Practical Guide to Artificial Intelligence, Chatbots, and Large Language Models in Conducting and Reporting Research

Ce dossier présente un ensemble de guides pratiques concernant l'intelligence artificielle et les sources de données massives dans la recherche en chirurgie

JAMA Surgery, sous presse, 2025, article en libre accès

Résumé en anglais

In 1966, Joseph Weizenbaum described the first chatbot: a computer program using natural language processing to decompose user sentences, identify key words in context, and generate appropriate responses. Weizenbaum anticipated and criticized the notion that his chatbot was intelligent: “…once a particular program is unmasked, once its inner workings are explained, its magic crumbles away; it stands revealed as a mere collection of procedures.” Subsequently, decades of research enhanced natural language processing capabilities, most notably via large language models (LLMs, deep learning models that process and generate text, usually by leveraging transformer architectures), which underlie contemporary chatbots. Even LLMs—heralded for their potential to transform science, industry, and society—are mere collections of procedures. Yet already, an LLM trained on both clinical and general English language text can generate clinical notes that pass the Turing Test (ie, physicians could not consistently distinguish between human- and LLM-generated text) while maintaining high linguistic readability and clinical relevance.
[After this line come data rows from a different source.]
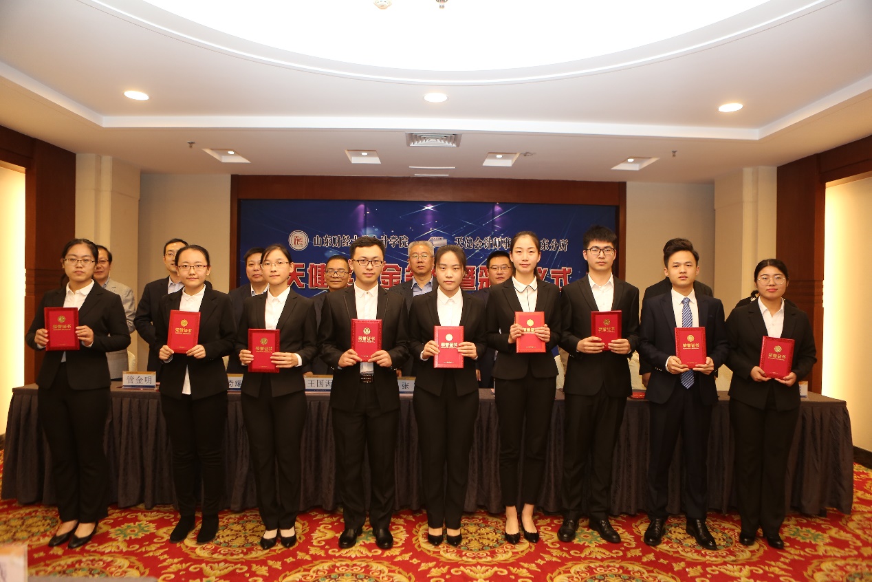 仪式上,由刘加宝先生、王爱国院长签订校企合作协议,由刘加宝先生及刘奇耀主任签订天健奖学金捐赠协议。天健会计师事务所合伙人管金明先生宣读获奖学生名单并颁奖。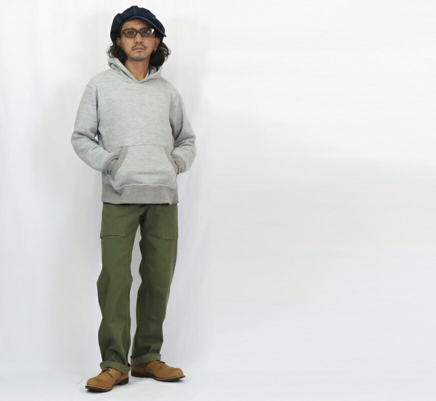 サイズの計測方法についてはこちらをご覧ください。 素材 コットン100% 生産国 日本 カラー オリーブ 備考 サイズは実寸を計測し平均値を記載しております。若干の個体差はございますので、ご了承ください。 商品に関して 当店の取り扱い商品はヴィンテージアイテムをベースとしたデザインの商品が多数ございます。雰囲気を重視するために若干の縫製のずれ、生地の色合いや加工による風合い、色ムラなど、仕上がりが異なる場合もございますが、それらも商品の魅力としてご理解下さい。また商品の仕様(縫製・パーツ・色合い・サイズ等)は予告なく変更される場合がございます。以上の点をご理解いただいた上でお楽しみいただければ幸いです。 |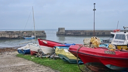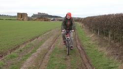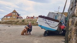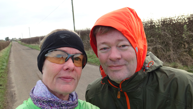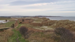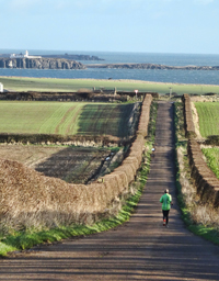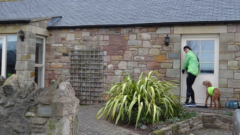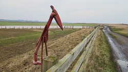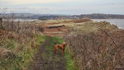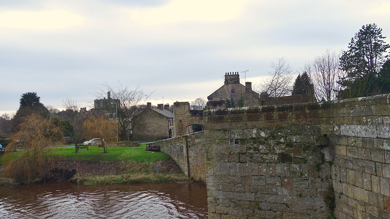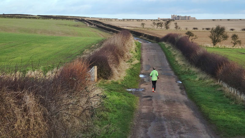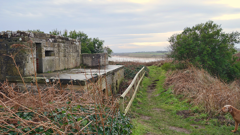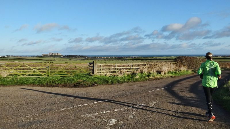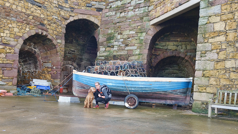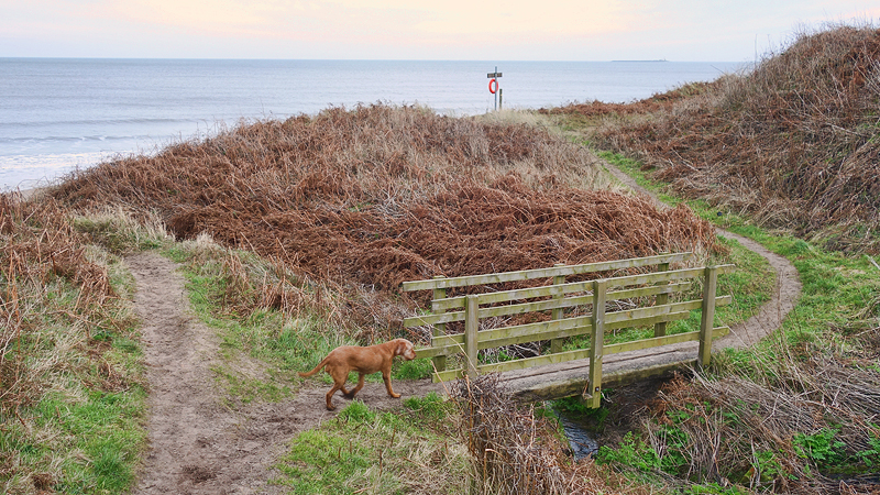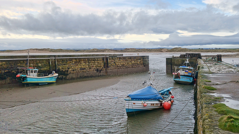 Maar nu wil ik wel verder eigenlijk en zonder verder te stoppen hobbel ik over het pad met de wind tegen zodat het snot uit mijn neus loopt. Gewoon doorlopen….. aan het einde rechtsaf en weer over het verharde pad terug naar Alnmouth. Eigenlijk merk ik nu pas dat ik op de heenweg dus blijkbaar dat vals plat had, want ik loop nu lekker naar beneden met de wind schuin in de rug. Niet verkeerd. Ik zie vanuit de verte alweer de stenen brug over de rivier en rechts van me zie ik Alnmouth al liggen met het inhammetje en de bootjes. Het lijkt allemaal heel ver zo maar ik weet dat het wel meevalt en al snel hobbelen we over de brug en slaan we alweer rechtsaf naar de bootjes.

In surgery, LLMs may be particularly useful in extracting surgical risk factors or outcomes from clinical notes and operative reports, learning from text inputs when performing prognostication and decision-support tasks, and serving as educational tools for surgical concept summarization, active knowledge retrieval practice, and virtual surgical simulation. The purpose of this article is to summarize the limitations and opportunities in applying artificial intelligence (AI), chatbots, and LLMs in conducting and reporting surgical research (Box).